Le président sénégalais Macky Sall a laissé jeudi en suspens la date de la présidentielle dont il avait décrété le report, tout en assurant que son mandat à la tête du pays se terminerait comme prévu le 2 avril. «Pour ce qui est de la date, on verra ce que le dialogue proposera», a-t-il dit lors d’un entretien avec la presse sénégalaise en évoquant le dialogue politique qu’il entend mener à partir de lundi.
«L’élection peut se tenir avant ou après le 2 avril», a-t-il déclaré. Interrogé sur l’éventualité qu’elle se tienne d’ici au 2 avril, il a répondu «je ne le pense pas», tout en assurant que sa mission se terminait le 2 avril. «Le 2 avril 2024 ma mission se termine à la tête du Sénégal», a-t-il déclaré.
Le Sénégal, volontiers vanté pour sa stabilité et ses pratiques démocratiques bien qu’ayant connu de graves troubles politiques par le passé, est plongé dans l’inconnu depuis la décision début février du président Sall et de l’Assemblée nationale de reporter au 15 décembre la présidentielle prévue le 25 février.
Ce report, dénoncé comme un «coup d’Etat constitutionnel» par l’opposition, a provoqué une commotion dans l’opinion et des manifestations qui ont fait quatre morts. Le Conseil constitutionnel a opposé la semaine dernière son veto à cet ajournement et au maintien du président Sall à son poste jusqu’à l’installation de son successeur.
Le Conseil a constaté l’impossibilité de maintenir la présidentielle le 25 février et demandé aux autorités de l’organiser «dans les meilleurs délais».
Malgré les spéculations sur la tentation d’un passage en force, le président Sall avait dit le lendemain son intention de respecter la décision du Conseil et de mener «sans tarder les consultations nécessaires» à l’organisation du scrutin. Depuis lors, rien n’avait filtré officiellement des discussions qu’il aurait menées, en dépit de déclarations à la presse de personnalités disant avoir joué les bons offices, y compris auprès d’Ousmane Sonko, personnage principal d’un bras de fer avec l’État qui a donné lieu à plusieurs épisodes de contestation meurtrière depuis 2021.
Toujours lors de cet entretien avec la presse sénégalaise, le président sénégalais Macky Sall s’est dit jeudi «prêt» à libérer Ousmane Sonko pour aller vers des élections «apaisées», dans un entretien télévisé avec la presse sénégalaise. M. Sonko est emprisonné depuis juillet 2023 et a été disqualifié de la présidentielle. Mais la candidature de son second, Bassirou Diomaye Faye, détenu lui aussi, a été validée par le Conseil constitutionnel.

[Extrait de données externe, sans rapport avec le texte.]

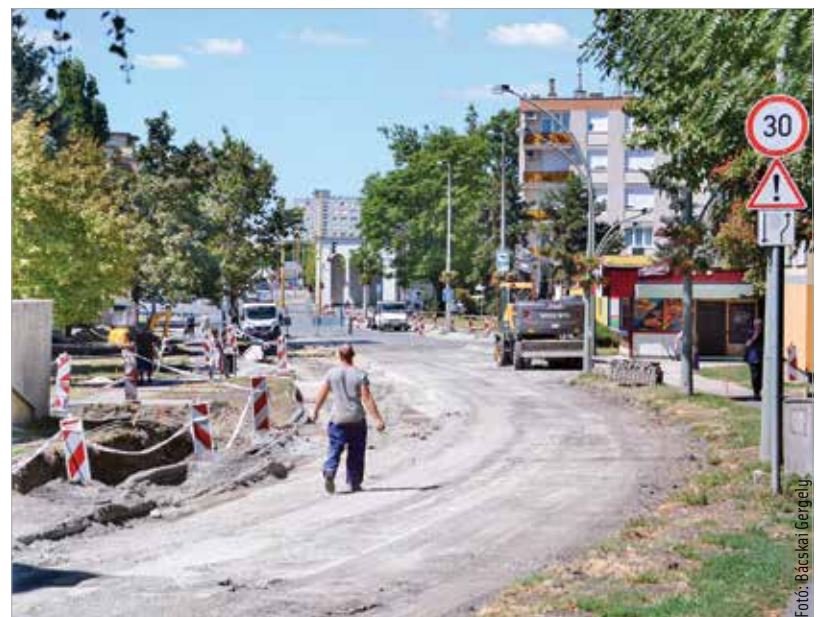
Öt helyszínen épül jelenleg járda és bicikliút Fehérváron

továbbá az Eszperantó tér és a Zichy liget között az útburkolat is megújul. Többen rémhíreket terjesztettek, hogy a volt Domus áruházal szembeni négyemeletesek mellett található fákat kivágják. Ilyen nem történik, ezeknek a fáknak a törzsét a munkálatok alatt védelemmel látta el a kivitelező, és a nyomvonal is a fákhöz igazodik. A beruházás a Koch László utca és Mátyás király körút kereszteződésében érint két fat.
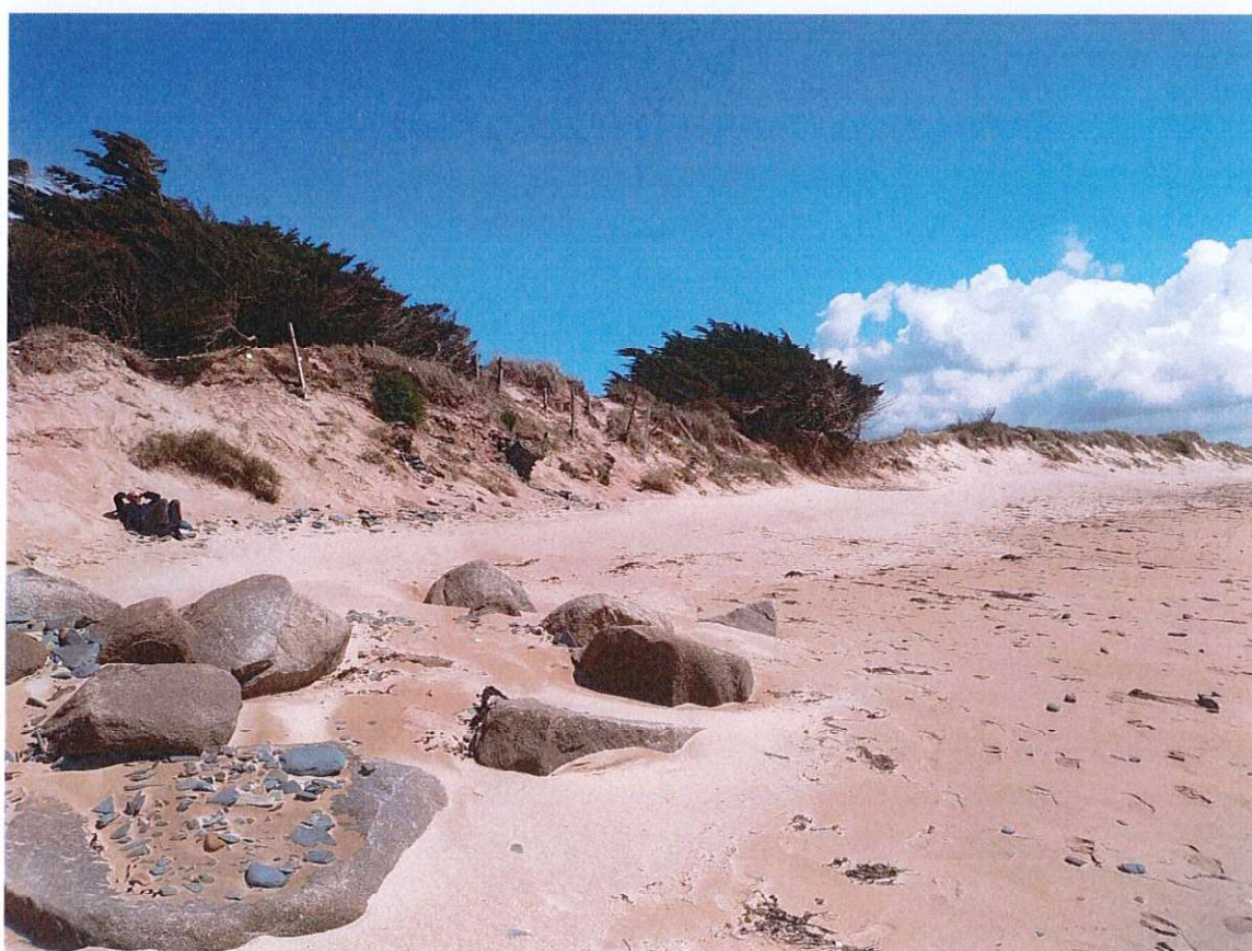
Prise de vue depuis la plage au pied de l'enrochement, 9 mai 2019
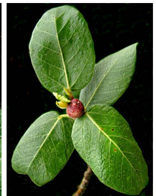
80 Ficus pringlei
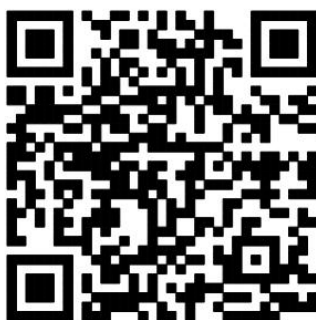
Google Play 下载二维码
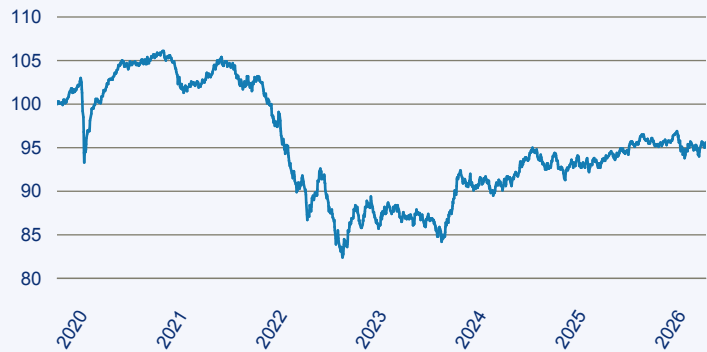
— Dimensional Global Core Fixed Income Lower Carbon ESG Screened Fund EUR A

Risiko: Die in der Vergangenheit erzielte Performance und die Ertrage lassen keinen Ruckschluss auf die zukunftige Performance und die Ertrage des Fonds zu. Der Fonds ist weder mit einer Garantie noch mit einem Kapitalschutzmechanismus ausgestattet. Der in Euro umgerechnete Wert internationaler Anlagen des Fonds kann infolge von Wechselkursschwankungen (Wahrungsschwankungen) sowohl steigen als auch sinken. Der Wert des Fonds und damit der Wert ihres Investments kann gegenuber dem Einstandspreis steigen oder fallen.

Des appels à la mobilisation
Le président Sall a demandé mercredi en Conseil des ministres que «toutes les dispositions» soient prises «pour une bonne organisation de l’élection présidentielle à une date qui sera fixée très prochainement, après les consultations avec les acteurs politiques, les responsables de la société civile et les représentants des forces vives». Il a demandé au ministère de la Justice de finaliser des textes «pour matérialiser la volonté de réconciliation et de pardon». Une loi d’amnistie des prisonniers avait été évoquée il y a une semaine.
Plusieurs centaines de détenus ont été relâchés depuis la semaine dernière, contribuant à une fragile détente.
Mais la société civile, qui a mobilisé plusieurs milliers de personnes le week-end passé, a prévu un nouveau rassemblement samedi à Dakar pour maintenir la pression sur le pouvoir, tout comme le camp présidentiel pour soutenir M. Sall. Le camp de Bassirou Diomaye Faye a accusé mercredi soir le président de traîner les pieds, comme l’a fait la très grande majorité des 19 candidats retenus par le Conseil constitutionnel
. Il n’acceptera de discuter que pour fixer «sans délai» la date de la présidentielle, et celle-ci devra avoir lieu avant le 2 avril et la fin du mandat de M. Sall, a-t-il prévenu dans un communiqué. Le président a justifié le report de l’élection par les vives querelles survenues au cours du processus préélectoral.
Il a dit vouloir une élection incontestable, s’inquiétant du risque de nouveaux accès de violence après ceux de 2021 et 2023.
Après l’intervention du Conseil constitutionnel, une nouvelle controverse est apparue sur la tenue de la présidentielle avant ou après le 2 avril, et sur une reprise à zéro, ou non, du processus d’homologation des candidatures. L’opposition soupçonne le camp présidentiel de vouloir s’arranger avec le calendrier par crainte de la défaite de son candidat, le Premier ministre Amadou Ba, désigné par le président Sall pour lui succéder.
Elle suspecte une manœuvre pour que M. Sall reste au pouvoir, bien qu’il ait dit ne pas vouloir se représenter pour un 3e mandat.